First-principles study of χ3-borophene for charge-modulated switchable CO2 capture

A first-principles calculation was performed to investigate the switchable CO2 capture on χ3-borophene by injecting/removing the extra electrons. The results show that the CO2 adsorption energy on the neutral χ3-borophene is 0.150 eV. After extra 2.5 e are injected, the adsorption energy is raised up to 0.802 eV, showing a significant enhancement with the change from the physical adsorption to chemical adsorption.
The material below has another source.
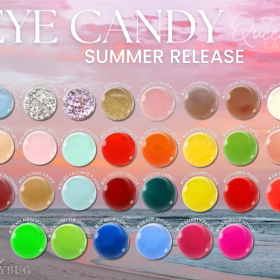 Our Eye-Candy Collection is creamy, highly pigmented, and one-coat coverage. Each bottle of solid-colored gel is in a solid-colored bottle, which is an almost exact match to the color inside.

Furthermore, both the CO2 capture and release processes are exothermic reactions involving injecting/removing extra electrons. χ3-borophene possesses a metallic electronic structure, which is conducive to the injection of extra electrons. The minimum charge density for CO2 capture on the negatively charged χ3-borophene is 1.6 × 1014 e cm−2. The CO2 capture capacity of χ3-borophene is 4.09 × 1014 cm−2. Finally, we study the selectivity of negatively charged χ3-borophene. The results show that the negatively-charged χ3-borophene possesses a high selectivity for CO2 from its mixtures with CO, CH4, NH3, N2, H2S, and H2. χ3-borophene is a new promising charge-modulated switchable CO2 capture material with good stability, high CO2 capture capacity, high selectivity, and excellent electrical conductivity.